Suborbital (one moon, two shores), projection on board with plastic disc, 2024, is an installation using a shape taken from a map of where I walk each morning through the landscape around my home, which has a projection of two shorelines (one in Yorkshire, one in Lanzarote) and a hanging, rotating disc almost touching its surface. The disc randomly interrupts and captures an image of my children in the ocean, moving more frequently when a person moves within its vicinity.

Ambient Stones (sea egg), video projection on fired clay, volcanic sand, 2024, is an installation which incorporates a stage-like set featuring various fired clay sculptures painted with mine ochre that capture the projection and create a miniature landscape within the boundaries of the table. The video is of my daughter creating a nest on the shoreline and playing with a stone that she imagined was alive.

Tradewinds (2022)

I had no idea what Tradewinds was about when I made it. Part dance, part mountainscape, part awkward domesticness. A piece of digitally printed fabric being blown around by fans in a room.

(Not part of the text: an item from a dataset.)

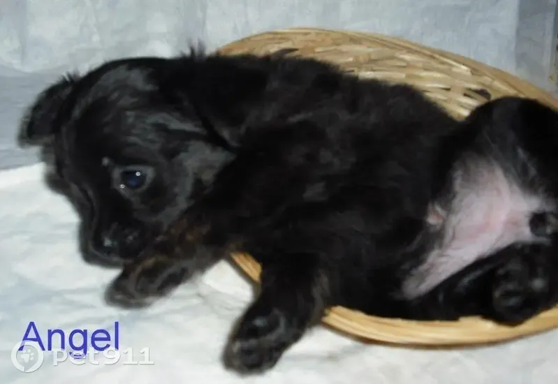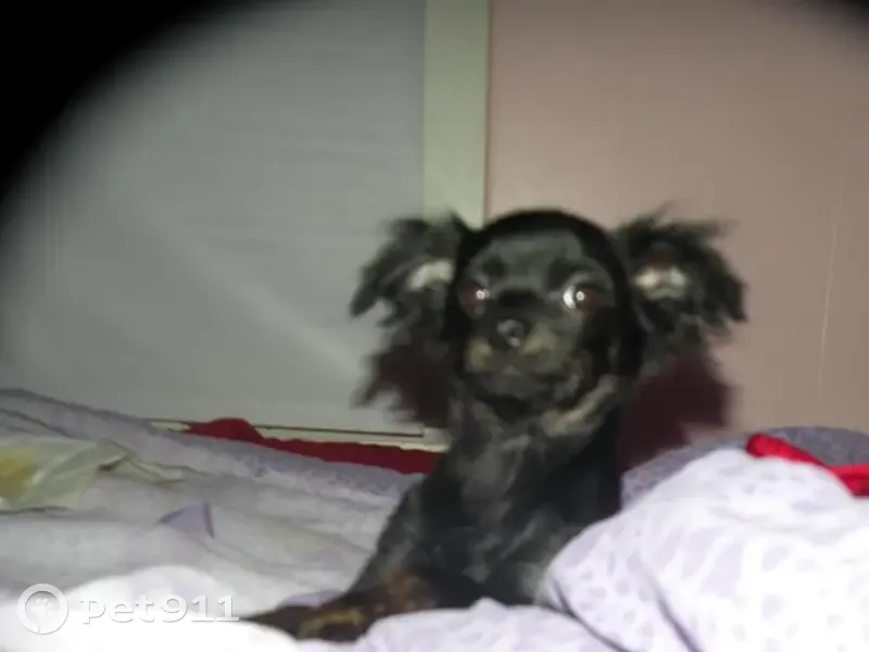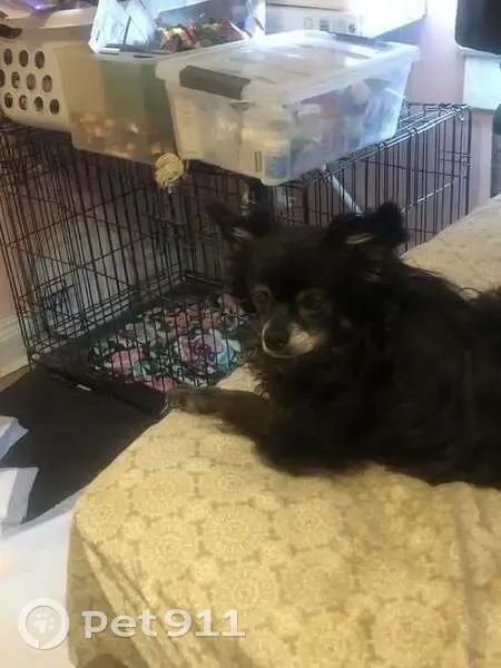 Angel is a long hair chihuahua black fur grey muzzle 13 yes old ears go up but the droop at the tips she has a bushy clurl tail and has a scar on her belly where she had hernia removal surgery and was fixed as a puppy

There was just this instinctual need to make something about hanging out the laundry. I actually enjoy washing my family’s clothes, there is a simplicity and - historically - it connects me to women all over the world. I had relief-printed the floorboards in my kitchen because they are full of intricate wave-like patterns from decades of tree growth and I wanted to blow them up big so they could engulf my body like clothes or water. Then I thought about the wind that dries our clothes, and the winds that have taken humans, animals and seeds around the globe for millennia. And most importantly for me, I thought about the North Atlantic tradewinds that took me from the UK to Lanzarote, where I became a mother and started my own family. Thinking beyond myself, there is also the inescapable fact that these same winds have played such a significant role in the development of our capitalist system, through colonisation and the Atlantic slave trade where the colonial trade pattern follows the clockwise air and water current system in the North Atlantic. The black and white prints were not made to intentionally reference this division of power, however, I’m glad that I feel this narrative could be read in what is a deeply personal piece of work about matriarchy and attempting to reach a connection through materials and processes.


Photograph by Jules Lister, 2022.

A Day Out in Bridlington (making the most of it) 2022, is a double projection of two very different experiences of the landscape in Bridlington. The super-fine maruishi paper moves gently as the viewer walks around it, and the semi-permeable surfaces allow leakage or slippage between the two encounters with the landscapes. The clash of aesthetics and forms, sounds and activities is an attempt to make the most of what is on offer and discover hidden connections between the two worlds. The installation was incorporated into the Hidden exhibition at The School of Fine Art, History of Art & Cultural Studies at The University of Leeds in September 2022.